I CAPPERI SONO I GERMOGLI DI QUESTO FIORE
La superiorità romana nelle imprese belliche era dovuta alla perfetta organizzazione della struttura militare e logistica, al rigore dell’addestramento, alle macchine da guerra e alle armature, alla strategia. Tuttavia, dal punto di vista della forza fisica, il legionario romano era inferiore ai Celti e alle popolazioni germaniche.
«Questo deriva dal fatto – continua Panzironi – che i barbari generalmente non coltivavano i campi, non si nutrivano di cereali e legumi come i Romani, bensì erano cacciatori-raccoglitori e consumavano selvaggina e vegetali. La loro energia, non derivante dal glucosio, ma dal glucagone, prodotto dal consumo dei grassi, durava molto di più e consentiva ai barbari una maggiore resistenza nel combattimento corpo a corpo».

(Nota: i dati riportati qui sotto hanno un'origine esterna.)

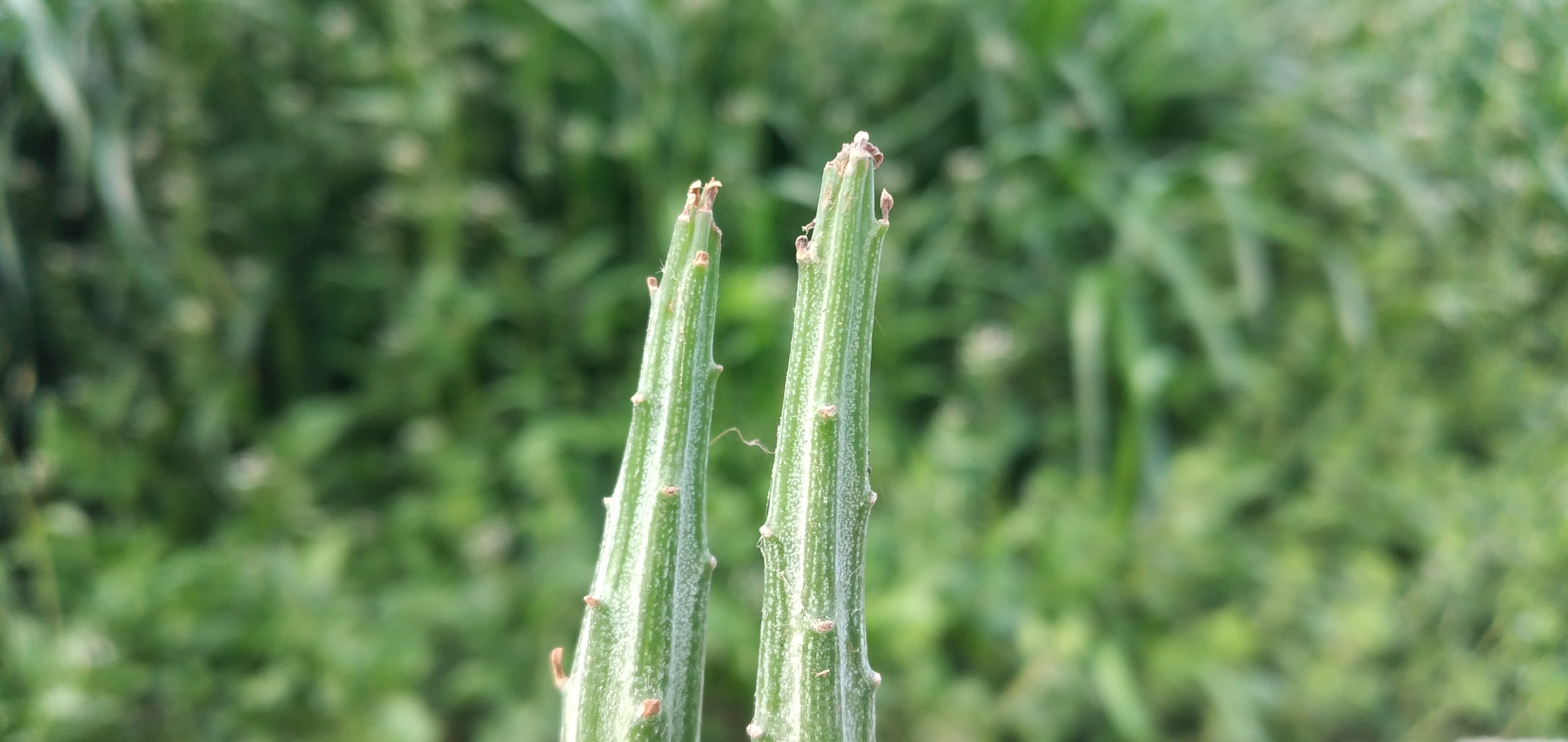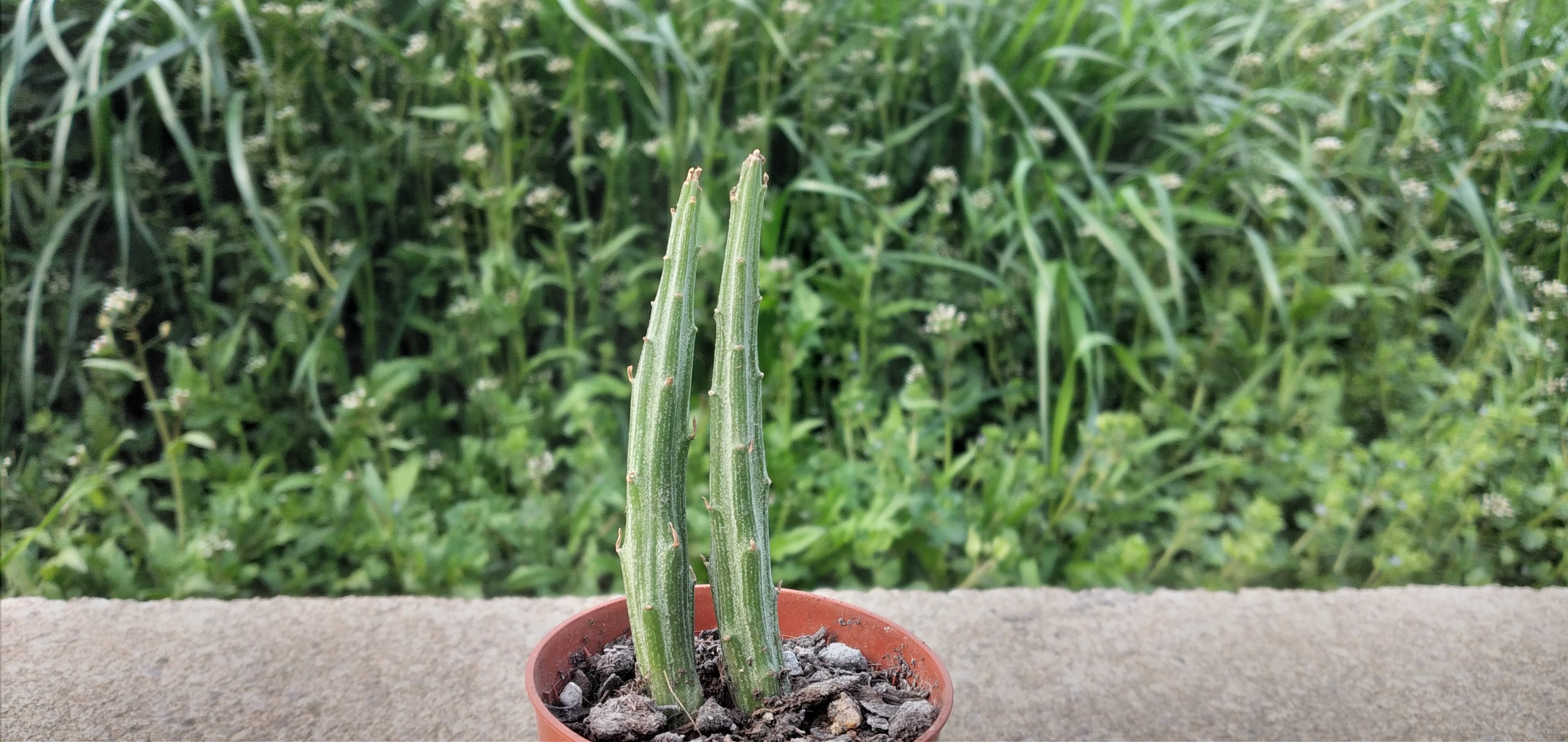 Aquesta espècie de suculenta anomenada Senecio Stapeliiformis o com es diu amb el sinònim llatí Senecio stapelia o com jo el vaig conèixer, com a cactus llapis, per la forma curiosa que té que recorda a aquest petit objecte. Els podem trobar repartits per Àfrica del Sud. Es caracteritzen per ser tiges úniques que es poden ramificar tant des de la base com des de les puntes. No acostumen a fer-se gaire grossos, arriben com a molt a fer trenta centímetres d’altura i són de color verd fosc i gris. Fa unes fulles molt petites que fan forma d’escata. Tot i que li agrada molt la llum del sol, no s’ha d’exposar a la llum solar directa, ja que us pot passar el que per desgràcia m’ha passat a mi, i és que el sol us el cremi. Sí que és cert que li agrada el sol directe, però sempre des de la precaució de les hores centrals del dia a les èpoques més caloroses de proporcionar-li una mica d’ombra, si no us passarà el que ja he dit, que es pot cremar i, per tant, morir. El fa una suculenta ideal per tenir-la en interiors, al costat d’una finestra o en una habitació molt ben il·luminada, sense que li toqui el sol directe. Si el lloc on està li agrada, podrem gaudir de la seva floració, doncs és una de les espècies que fa les flors més persistents de totes alhora que molt maques i vistoses. Són de color vermell i les podrem apreciar entre finals d’estiu i mitjans de tardor. Per regar-los van al contrari que pràcticament els altres cactus i suculentes exceptuant algun gènere. La seva època de repòs és a l’estiu i l’època de màxima activitat és a l’hivern, quan a diferència dels altres, a l’estiu és quan estan amb activitat i a l’hivern en repòs. Doncs tenint això clar, a l’estiu s’haurà de regar molt poc, com a molt un cop al mes i regar moderadament la resta de l’any esperant això sí que la terra estigui completament seca abans de tornar a subministrar aigua. No convé que la temperatura inferior baixi dels vuit graus positius.

OLIO ANTINFIAMMATORIO E CAPPERI ANTIOSSIDANTI
CAPPERI
Dell’alimentazione romana, Panzironi salva soprattutto l’olio: «Ha dimostrato di prevenire le malattie cardiovascolari. L’oleuropeina contenuta nelle olive nere, tra l’altro, è un polifeonolo che ha capacità antitumorali e antinfiammatorie. Anche i capperi, che i Romani consumavano spesso come aperitivo, sono un alimento preziosissimo dato che è straordinariamente ricco di quercetina, un flavonoide antiossidante e antistaminico».
GALENO, IL MEDICO ROMANO
GALENO
Non solamente oggi ci si preoccupa delle ricadute sulla salute del consumo dei cibi; anche gli uomini dell’antichità si erano accorti di questo stretto rapporto causa-effetto. Galeno (129-210 d.C.), medico personale dell’imperatore Marco Aurelio, fu l’artefice dei principali passi in avanti dell’arte medica in questa direzione. Nei suoi trattati, tradotti da una decina d’anni (Mark Grant «La dieta di Galeno» Ed Mediterranee), si descrivono infatti gli effetti esercitati da alcuni cibi sul corpo umano. Rileggere Galeno, oggi, può essere fonte di studio non solo per i classicisti e per gli storici, ma per tutte le persone interessate alla storia del cibo.